Hello, this is my first time to process microarray data, I don't even know what my data means. The data has too many columns to post here, I just show all colnames:

> colnames(df)
 [1] "FEATURES"                       "FeatureNum"                    
 [3] "Row"                            "Col"                           
 [5] "chr_coord"                      "SubTypeMask"                   
 [7] "SubTypeName"                    "Start"                         
 [9] "Sequence"                       "ProbeUID"                      
[11] "ControlType"                    "ProbeName"                     

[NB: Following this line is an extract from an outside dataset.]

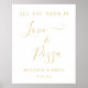 Todo lo que necesitas es amor y pizza Señal de bienvenida de boda de pareja personalizada para una barra de pizza en oro
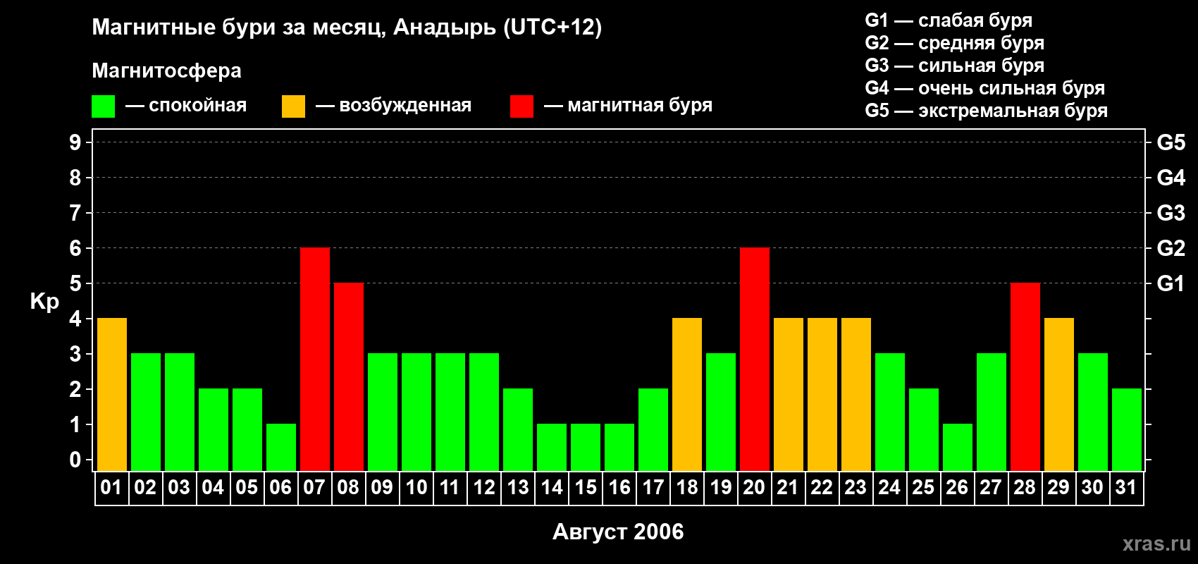 Магнитные бури в Анадыре в августе 2006 года

[13] "GeneName"                       "SystematicName"                
[15] "Description"                    "PositionX"                     
[17] "PositionY"                      "gSurrogateUsed"                
[19] "gIsFound"                       "gProcessedSignal"              
[21] "gProcessedSigError"             "gNumPixOLHi"                   
[23] "gNumPixOLLo"                    "gNumPix"                       
[25] "gMeanSignal"                    "gMedianSignal"                 
[27] "gPixSDev"                       "gPixNormIQR"                   
[29] "gBGNumPix"                      "gBGMeanSignal"                 
[31] "gBGMedianSignal"                "gBGPixSDev"                    
[33] "gBGPixNormIQR"                  "gNumSatPix"                    
[35] "gIsSaturated"                   "gIsFeatNonUnifOL"              
[37] "gIsBGNonUnifOL"                 "gIsFeatPopnOL"                 
[39] "gIsBGPopnOL"                    "IsManualFlag"                  
[41] "gBGSubSignal"                   "gBGSubSigError"                
[43] "gIsPosAndSignif"                "gPValFeatEqBG"                 
[45] "gNumBGUsed"                     "gIsWellAboveBG"                
[47] "gBGUsed"                        "gBGSDUsed"                     
[49] "ErrorModel"                     "gSpatialDetrendIsInFilteredSet"
[51] "gSpatialDetrendSurfaceValue"    "SpotExtentX"                   
[53] "SpotExtentY"                    "gNetSignal"                    
[55] "gMultDetrendSignal"             "gProcessedBackground"          
[57] "gProcessedBkngError"            "IsUsedBGAdjust"                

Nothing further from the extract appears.